2. Then understand and use the Properties of Real Numbers.
3. Then simplify the equation and inequalities.
4. At last find the absolute values equation and inequality.
If equal sign is present in the equations, and equation is used to find the unknown variables. One method for solving the equation is substitution method.

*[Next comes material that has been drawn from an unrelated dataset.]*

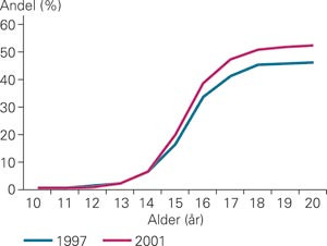 Median samleiedebutalder for aldersgruppen 18 – 24 år gikk for gutter ned fra 17,8 år til 17,3 år, og for jenter fra 17,0 år til 16,6 år i perioden 1997 til 2001.

Suppose we have an equation p + q = 2p – 1;
We know that equation is used to find the unknown variable.
Here in this equation we solve for unknown variable ‘p’;
On solving the equation for unknown variable ‘p’ we get:
⇒ p + q = 2p – 1;
⇒p = q + 1;
Now we use substitution method:
Now substitute the value of ‘p’ in the equation:
⇒ p + q = 2p – 1;
Put p = q + 1;
⇒ (q + 1) + q = 2(q + 1) – 1;
Now we solve the value of unknown variable ‘q’.
⇒q + 1 + q = 2q + 2 – 1;
Now combine like terms:
⇒2q – 2q = 1 – 1;
⇒0;
This is how we solve the equation by substitution method.
And in case of inequality, if we have two variables ‘m’ and ‘n’, then there are conditions for analyzing the inequality equations.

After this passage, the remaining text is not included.